CSR Review: 8189423: Add option to disable stack overflow checking in primordial thread for use with JNI_CreateJavaJVM
Thomas Stüfe
thomas.stuefe at gmail.com
Tue Oct 17 15:11:16 UTC 2017
Hi David,
I understand that you want to have a quick solution to a specific problem.
I do not like adding a switch with such a narrow usage and would prefer,
like Robin, a more well rounded and more general solution.

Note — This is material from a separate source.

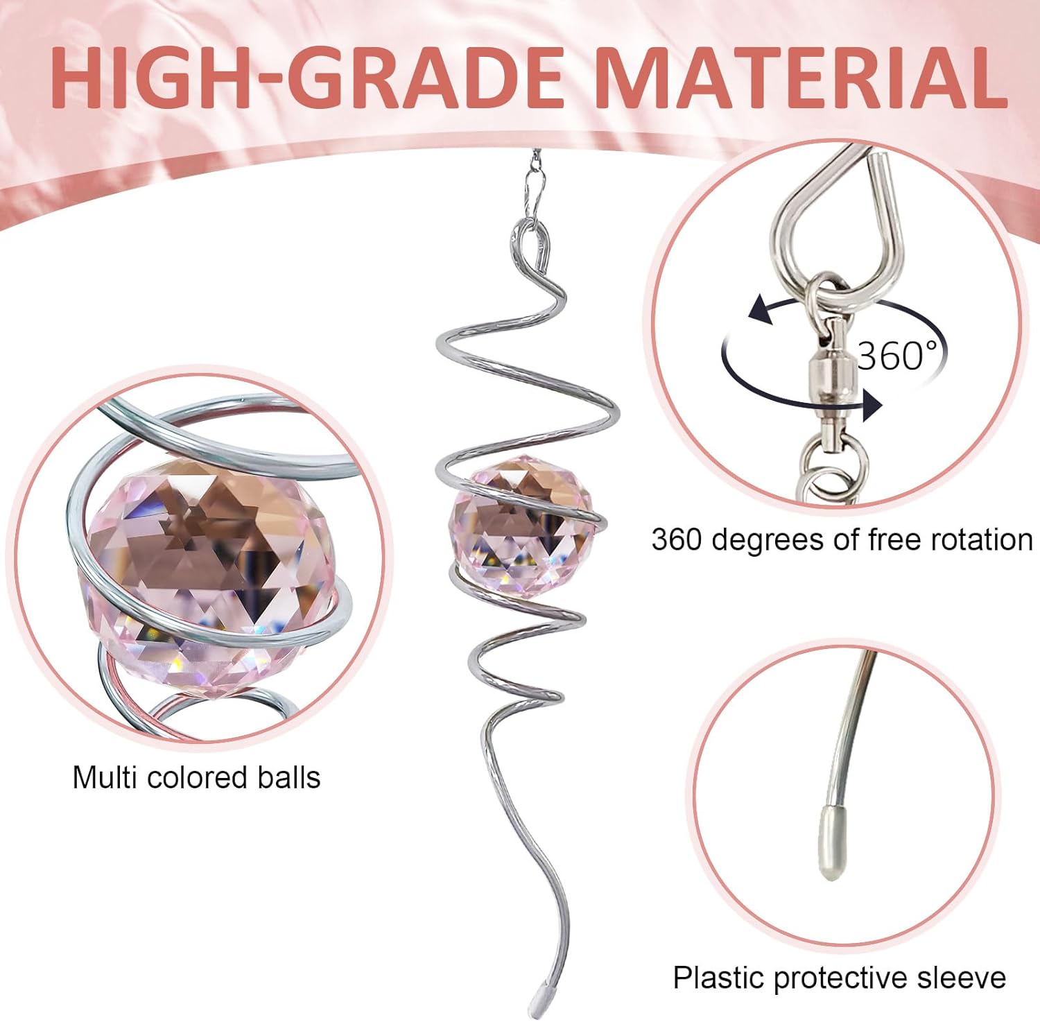 - 【 Meaningful Unique Gifts 】Pink Crystal symbolizes love and happiness. The Gazing Ball Spiral Tail Wind Spinner came in a beautiful gift box that was easily giftable. This magic ball spiral tail is a wonderful gift that will be a hit as a birthday gift, Thanksgiving gift, Christmas gift, housewarming gift, garden gift, Decor gift, etc.. The wind spiral with crystal ball is a perfect gift for birthdays, Thanksgiving Day, Christmas, etc. and any you loved people ( family, friend, etc.).

That said, I do not see any specific problems with the proposed switch. Not
even sure if that matters, as I am not even sure I can review CSRs :)
Kind Regards, Thomas
On Tue, Oct 17, 2017 at 3:00 PM, David Holmes <david.holmes at oracle.com>
wrote:
> On 17/10/2017 10:41 PM, Robbin Ehn wrote:
>
>> On 10/17/2017 12:29 PM, David Holmes wrote:
>>
>>> On 17/10/2017 7:28 PM, Robbin Ehn wrote:
>>>
>>>> My understanding from prior discussion (ie when we fixed the 2MB stack
>>>>> limit) is that it doesn't work for them to use a new thread for the JVM.
>>>>> The change to support anything but unlimited stack size also helped (and
>>>>> the 8M limit when 'unlimited' is tolerable) but really they just want a
>>>>> simple way to say "please don't bother with stack guards, I can deal with
>>>>> that myself".
>>>>>
>>>>
>>>> Is there a problem I'm not seeing to extends this to all attaching
>>>> threads?
>>>> E.g. -XX:+DisableAttachingThreadGuardPages (more useful option I would
>>>> say)
>>>>
>>>
>>> Yes - that allows it to impact all of our launchers as well - not
>>> something I want to allow for. It opens the door for a myriad of bug
>>> reports if people use this flag without understanding it's consequences.
>>>
>>> The aim here is to solve a specific problem, not introduce new ways to
>>> break things.
>>>
>>
>> First, since this is broken, you would fix the issue with different
>> stacksizes.
>>
>
> Not sure what you consider "broken". The current approach causes a problem
> for runtimes that want to do their own stack guards. The proposal is to
> allow them by giving a flag to turn ours off - but only for the primordial
> thread, as that is where the problem lies.
>
> And secondly, I think the solution to that is to move all 'text' options
>> to the launcher and have the CreateVM taking a data structure with
>> pre-parsed options. And let the launcher choose which options to expose to
>> the end-user. Meaning our own java launcher would never expose this option.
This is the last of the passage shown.